Padrino López dice que no hay soldados extranjeros armados ocupando esta tierra

El ministro de Defensa, Vladimir Padrino López, afirmó este sábado que «no hay soldados extranjeros armados ocupando” territorio venezolano, un mes después del ataque estadounidense que derivó en la captura de Nicolás Maduro y su esposa, Cilia Flores.

En un mensaje difundido en Instagram, Padrino López destacó que la paz ha sido “el objetivo, camino y bien más sagrado” de Venezuela tras su independencia.

“Por ello, Nicolás Maduro no escatimó esfuerzos en enviar su mensaje al mundo, para buscar una solución pacífica y evitar a toda costa un derramamiento de sangre. Con ese mismo objetivo, desde la FANB trabajamos incansablemente para disuadir una inminente agresión, cuestión que se logró parcialmente, pues si bien nuestra soberanía fue ultrajada, hoy no existe un soldado extranjero armado ocupando esta tierra”, sostuvo.

Padrino López también se refirió a la situación política derivada del ataque y resaltó la labor de la presidenta encargada, Delcy Rodríguez, quien asumió el cargo el 5 enero tras la captura de Maduro. Señaló que Rodríguez ha actuado con “valentía y contundentemente”, apostando por la “diplomacia bolivariana de paz, bajo la premisa del derecho internacional, tratando de construir una nueva relación de suma positiva con la primera potencia nuclear y energética del mundo, para preservar la integridad y soberanía nacional”.
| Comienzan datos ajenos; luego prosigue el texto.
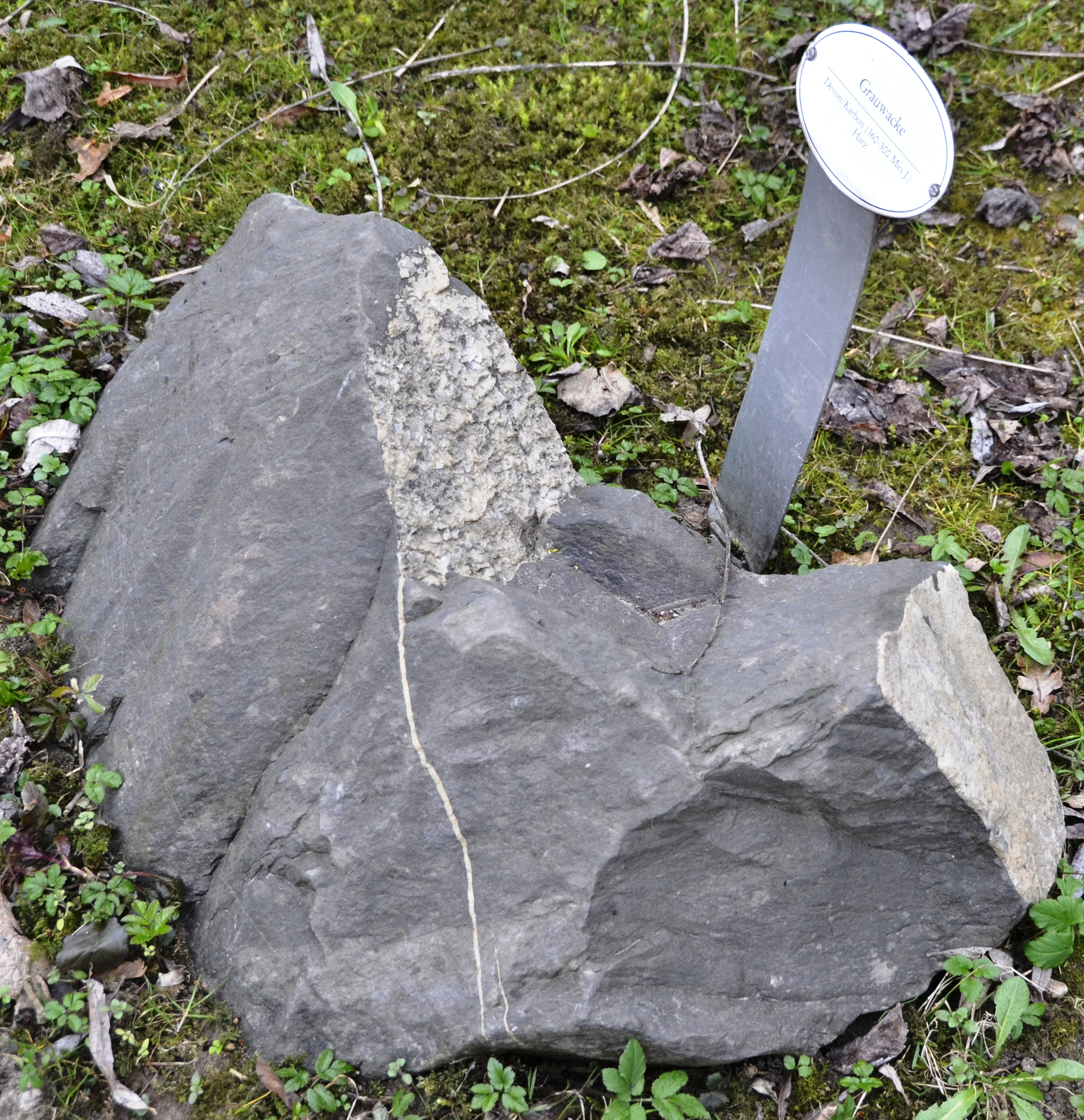 A large piece of greywacke (about 1 m in breadth) from the Upper Devonian or Lower Carboniferous of the Hartz Mts., on display at the public geological collection of the Alpine Museum in Munich. There are joint planes exposed on top of the rock and on the right side which are covered by white crystals (? calcite). The joint exposed on the top extends diagonally further down as a narrow white band.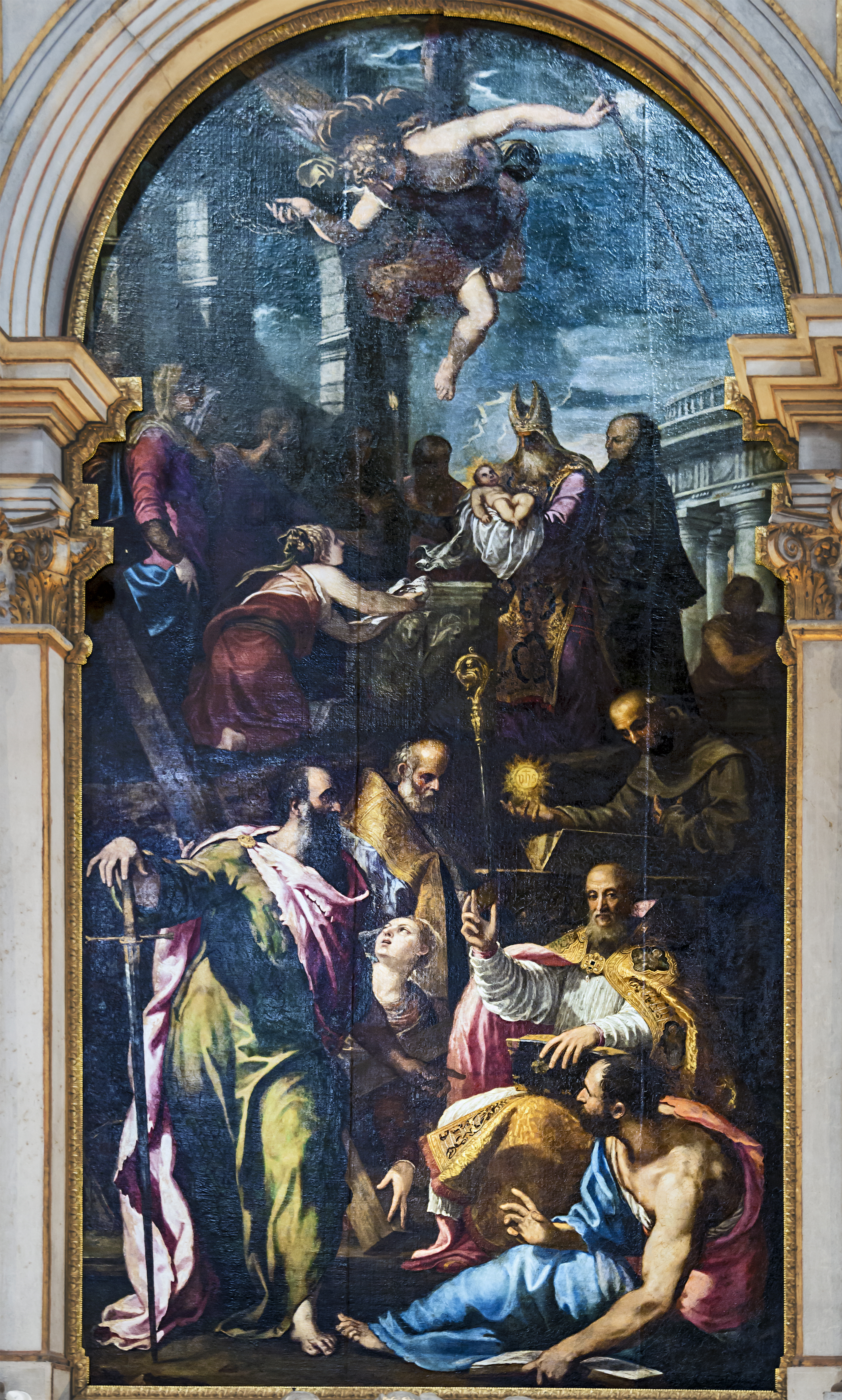 The right side of the nave of the Santa Maria Gloriosa dei Frari. Presentation of Jesus Christ at the Temple by Giuseppe Porta. Height: 483 cm (15.8 ft); Width: 247 cm (97.2 in) dimensions QS:P2048,483U174728;P2049,247U174728

Finalmente, el ministro aseguró que la presidenta encargada cuenta con el respaldo de las Fuerzas Armadas y advirtió a quienes buscan ver al país “dividido o sin rumbo” que sus esfuerzos “fracasarán nuevamente”, pues “la patria prevalecerá”.

En contexto

El 3 de enero, durante la denominada “Operación Absolute Resolve”, fuerzas estadounidenses llevaron a cabo un ataque sorpresa en Caracas y zonas cercanas que culminó con la captura de Maduro y Flores. Ambos fueron trasladados a Estados Unidos, donde permanecen bajo custodia en el Metropolitan Detention Center de Brooklyn, enfrentando cargos por narcoterrorismo, posesión de armas y otros delitos.

En su primera audiencia, se declararon no culpables; Maduro reafirmó ser el “presidente legítimo” de Venezuela y aseguró: “No soy culpable, soy un hombre decente”. El juez Alvin Hellerstein determinó que continuaran detenidos y fijó una nueva audiencia para marzo.

La operación generó reacciones divididas. Mientras sectores internacionales y venezolanos la consideran una violación a la soberanía, otros la respaldan. En Caracas, Delcy Rodríguez juró como presidenta encargada y calificó la acción estadounidense como un “secuestro”, mientras simpatizantes del chavismo se han movilizado exigiendo la liberación de Maduro y Flores.

En medio de la tensión, el Gobierno venezolano anunció un proceso exploratorio de carácter diplomático con Estados Unidos y confirmó la visita de una delegación del Departamento de Estado al país. En un comunicado difundido por Telegram, el canciller Yván Gil reiteró la denuncia sobre lo que describió como una “agresión criminal, ilegítima e ilegal” contra Venezuela, que, según la versión oficial, dejó “más de un centenar de víctimas civiles y militares”.

El texto oficial sostiene que la captura de Maduro y Flores constituye una “grave violación a la inmunidad personal de los jefes de Estado y a los principios fundamentales del orden jurídico internacional”. Según el Gobierno encargado, la iniciativa diplomática se desarrolla “en estricto apego a los principios de soberanía nacional” y bajo los lineamientos de la “diplomacia bolivariana de paz”, con el objetivo de evaluar el restablecimiento de las misiones diplomáticas y atender las consecuencias derivadas de la escalada reciente, así como una eventual agenda de trabajo de interés mutuo.